Abstract
Mutations in human Gli-similar (GLIS) 3 protein cause neonatal diabetes. The GLIS3 gene region has also been identified as a susceptibility risk locus for both type 1 and type 2 diabetes. GLIS3 plays a role in the generation of pancreatic beta cells and in insulin gene expression, but there is no information on the role of this gene on beta cell viability and/or susceptibility to immune- and metabolic-induced stress. GLIS3 knockdown (KD) in INS-1E cells, primary FACS-purified rat beta cells, and human islet cells decreased expression of MafA, Ins2, and Glut2 and inhibited glucose oxidation and insulin secretion, confirming the role of this transcription factor for the beta cell differentiated phenotype. GLIS3 KD increased beta cell apoptosis basally and sensitized the cells to death induced by pro-inflammatory cytokines (interleukin 1β + interferon-γ) or palmitate, agents that may contribute to beta cell loss in respectively type 1 and 2 diabetes.
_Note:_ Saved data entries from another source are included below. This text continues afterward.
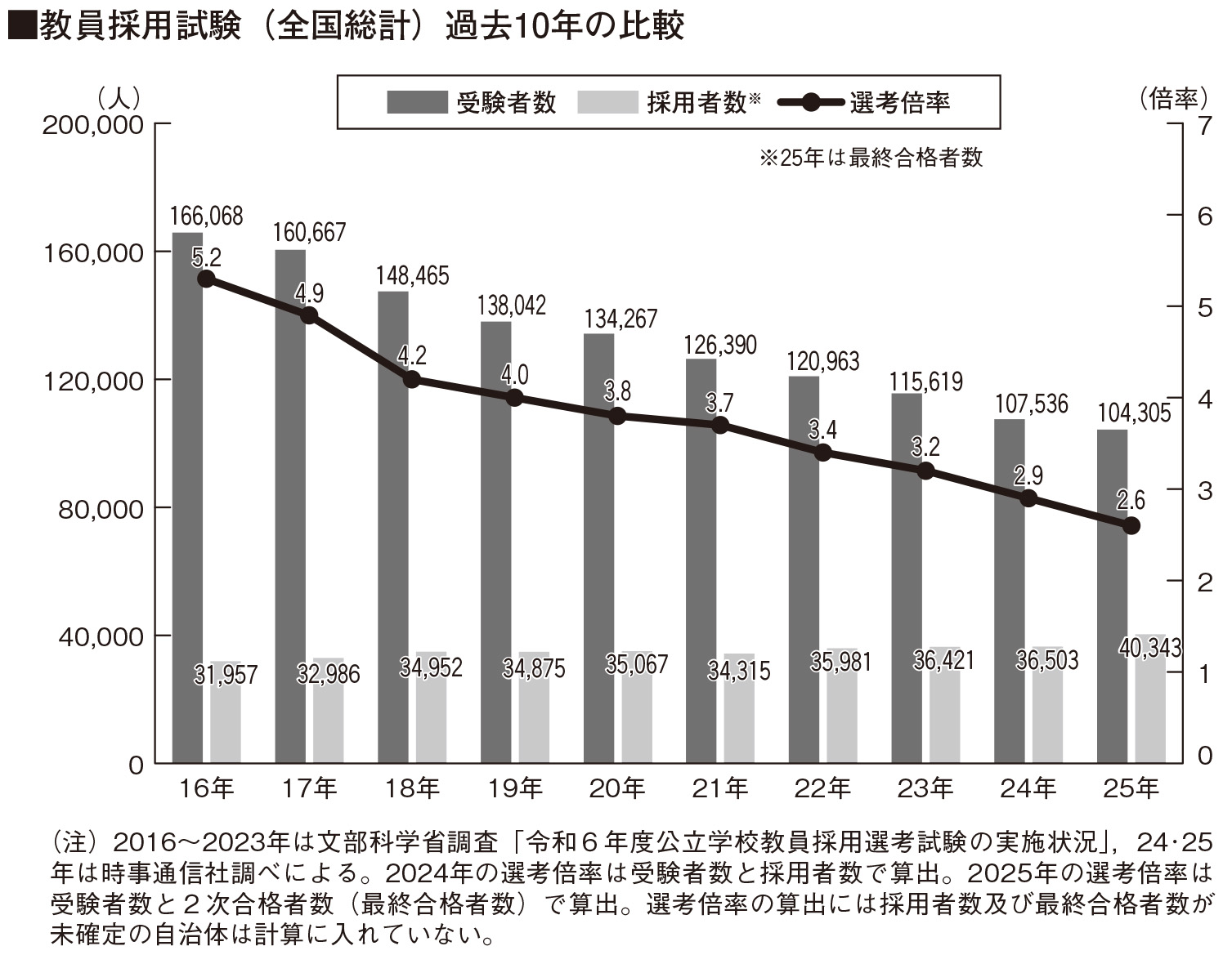 2025年実施教員採用試験は、受験者数は10万4,305人(2024年10万7,536人)、最終合格者数は4万343人(同3万6,503人)。昨年と比べて受験者数は減少しましたが、合格者数は増加しました。全国平均の選考倍率は2.6倍(同2.9倍)となり(下図参照)、昨年より減少し下降が続いています。また、3.0倍を下回った自治体は、2024年は33自治体でしたが、今年は39自治体に増えています。
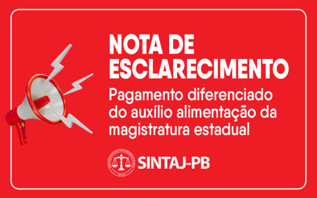 As direções da ASSTJE-PB e do SINTAJ-PB, tendo conhecimento do ADM, n. 2022129742, no qual a AMPB pleiteia pagamento diferenciado no auxílio alimentação da magistratura estadual, INFORMAM que estão analisando tecnicamente a questão com suas assessorias jurídicas e que, na próxima semana, se reunirão para encaminhar posicionamento oficial conjunto em relação ao tema. A priori,…
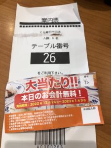 お店の人に聞いたところ、1日1組に当たるように当たり券は入れているとのこと。かなりのラッキーでした。
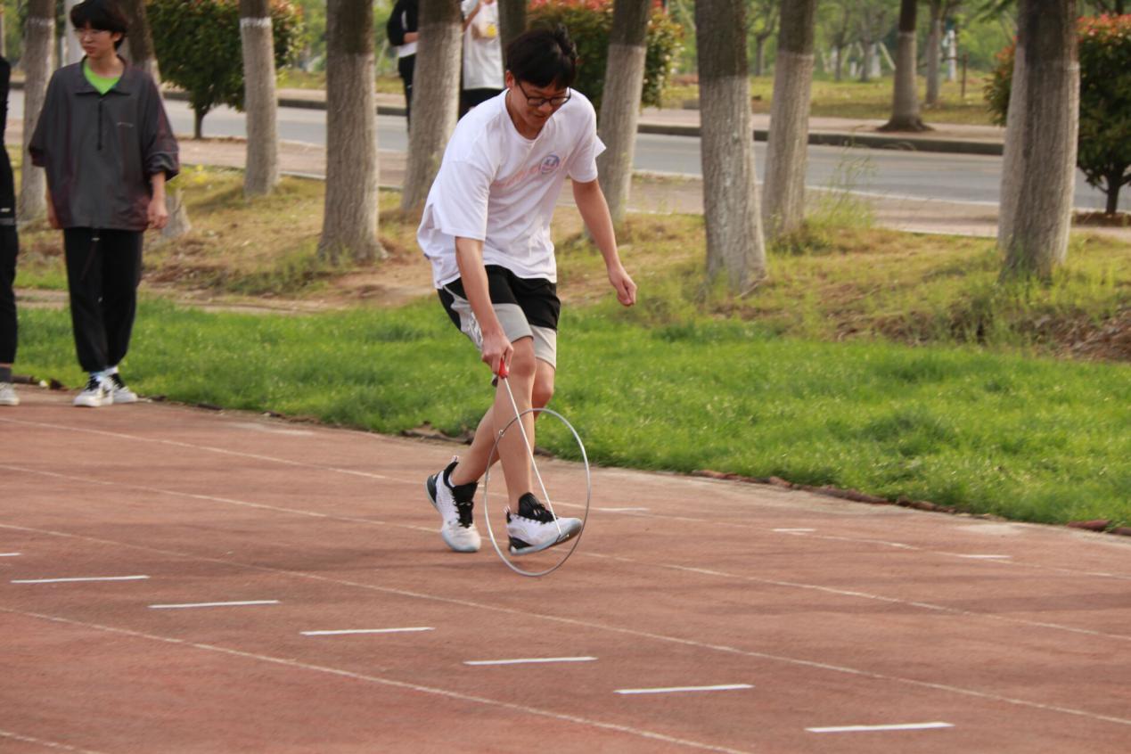 第三个游戏——跳长绳。两人摇绳,其余队员列队需从绳的一侧跳至另一侧,跳过的队员在同侧另一端排队,循环接替。跳绳队员依次进入且必须在进入后成功跳绳一次,方计次数一次。在比赛过程中,参赛选手们都打起了十二分的精神,狭路相逢勇者胜。有的队伍配合默契;有的队伍跌跌撞撞完成比赛,但没有一个队伍半途而废。大家相互合作,相互鼓励,富有节奏地跳动着。整场比赛精彩纷呈,展现了团结的力量,青春的活力。

The increased cell death was due to activation of the intrinsic (mitochondrial) pathway of apoptosis, as indicated by cytochrome c release to the cytosol, Bax translocation to the mitochondria and activation of caspases 9 and 3. Analysis of the pathways implicated in beta cell apoptosis following GLIS3 KD indicated modulation of alternative splicing of the pro-apoptotic BH3-only protein Bim, favouring expression of the pro-death variant BimS via inhibition of the splicing factor SRp55. KD of Bim abrogated the pro-apoptotic effect of GLIS3 loss of function alone or in combination with cytokines or palmitate. The present data suggest that altered expression of the candidate gene GLIS3 may contribute to both type 1 and 2 type diabetes by favouring beta cell apoptosis. This is mediated by alternative splicing of the pro-apoptotic protein Bim and exacerbated formation of the most pro-apoptotic variant BimS.
Highlights
The Kruppel-like zinc finger protein Gli-similar (GLIS) 3 plays a critical role in pancreatic development, and loss-of-function mutations in this transcription factor lead to a syndrome characterized by neonatal diabetes, hypothyroidism and other congenital dysfunctions [1,2]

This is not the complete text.